TO DO:
Leave out the pictures and copy every record exactly.

RECORDS TO PROCESS:
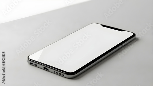 Frameless new modern smartphone mockup with white screen isolated on white background
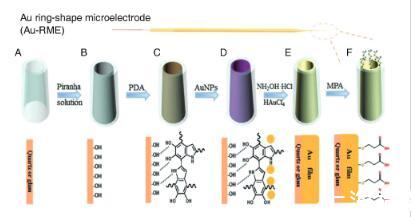 圖1金環(huán)微電極的制作步驟[12]。(A)拉制好的空玻璃毛細管;(B)毛細管內(nèi)壁羥基化;(C)毛細管內(nèi)壁自組裝上聚多巴胺層;(D)內(nèi)壁生長金納米粒子;(E)形成金膜;(F)金環(huán)微電極尖端修飾3?巰基丙酸
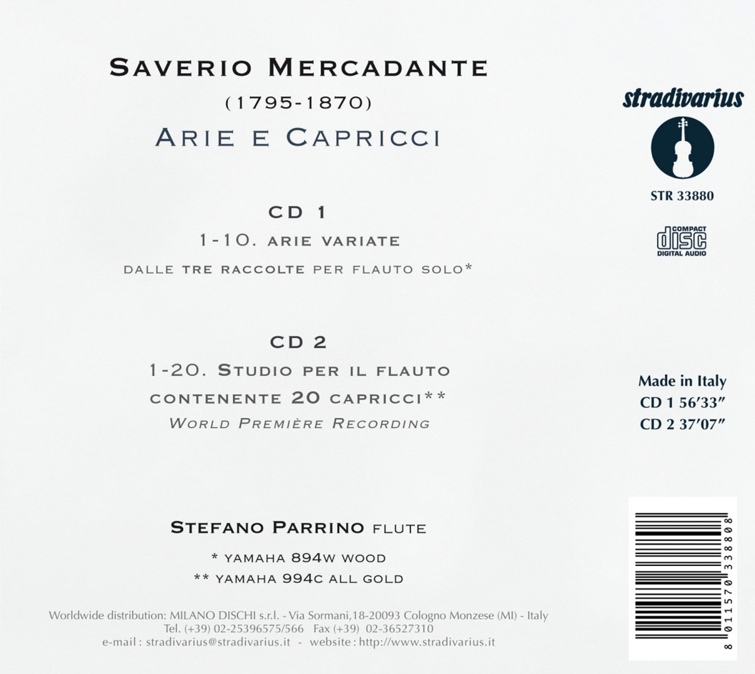 Saverio Mercadantes Flötenkonzerte gehören zu den dankbarsten Virtuosenkonzerten des 19. Jahrhunderts. Daneben hat der große italienische Opernkomponist das Instrument aber noch mit weiterer reizvoller Literatur für Flöte solo bedacht. Stefano Parrino stellt hier Mercadantes Variationen über bekannte Opernmelodien sowie die 20 Capricci vor. Letztere nehmen natürlich Bezug auf die Capricci Paganinis.
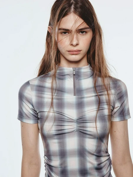 - Элегантный дизайн: Футболка выполнена с воротником-стойкой и удобной молнией, что позволяет регулировать глубину выреза. Укороченный рукав и приталенный силуэт подчеркивают изящество фигуры.
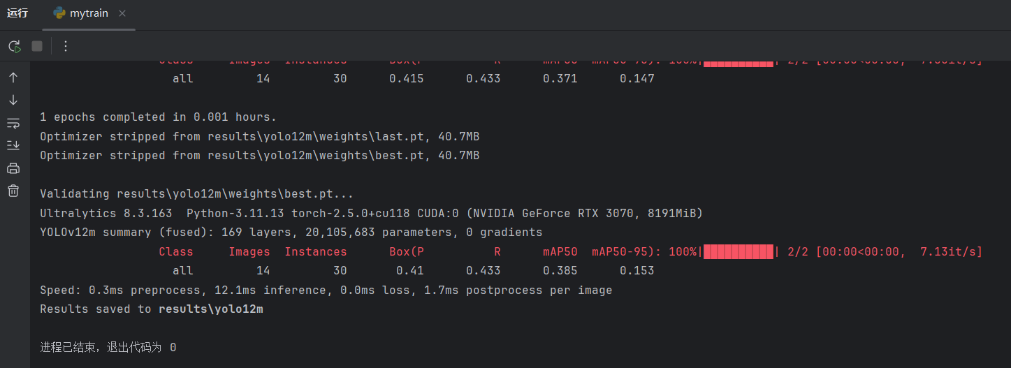 开始大规模训练前,最好先测试小规模训练是否能够跑通。epochs设置为1,让每个模型先只跑一轮,确保小规模训练能跑通,再进行训练:

THE COMPLETED TASK:
 Frameless new modern smartphone mockup with white screen isolated on white background
 圖1金環(huán)微電極的制作步驟[12]。(A)拉制好的空玻璃毛細管;(B)毛細管內(nèi)壁羥基化;(C)毛細管內(nèi)壁自組裝上聚多巴胺層;(D)內(nèi)壁生長金納米粒子;(E)形成金膜;(F)金環(huán)微電極尖端修飾3?巰基丙酸
 Saverio Mercadantes Flötenkonzerte gehören zu den dankbarsten Virtuosenkonzerten des 19. Jahrhunderts. Daneben hat der große italienische Opernkomponist das Instrument aber noch mit weiterer reizvoller Literatur für Flöte solo bedacht. Stefano Parrino stellt hier Mercadantes Variationen über bekannte Opernmelodien sowie die 20 Capricci vor. Letztere nehmen natürlich Bezug auf die Capricci Paganinis.
 - Элегантный дизайн: Футболка выполнена с воротником-стойкой и удобной молнией, что позволяет регулировать глубину выреза. Укороченный рукав и приталенный силуэт подчеркивают изящество фигуры.
 开始大规模训练前,最好先测试小规模训练是否能够跑通。epochs设置为1,让每个模型先只跑一轮,确保小规模训练能跑通,再进行训练:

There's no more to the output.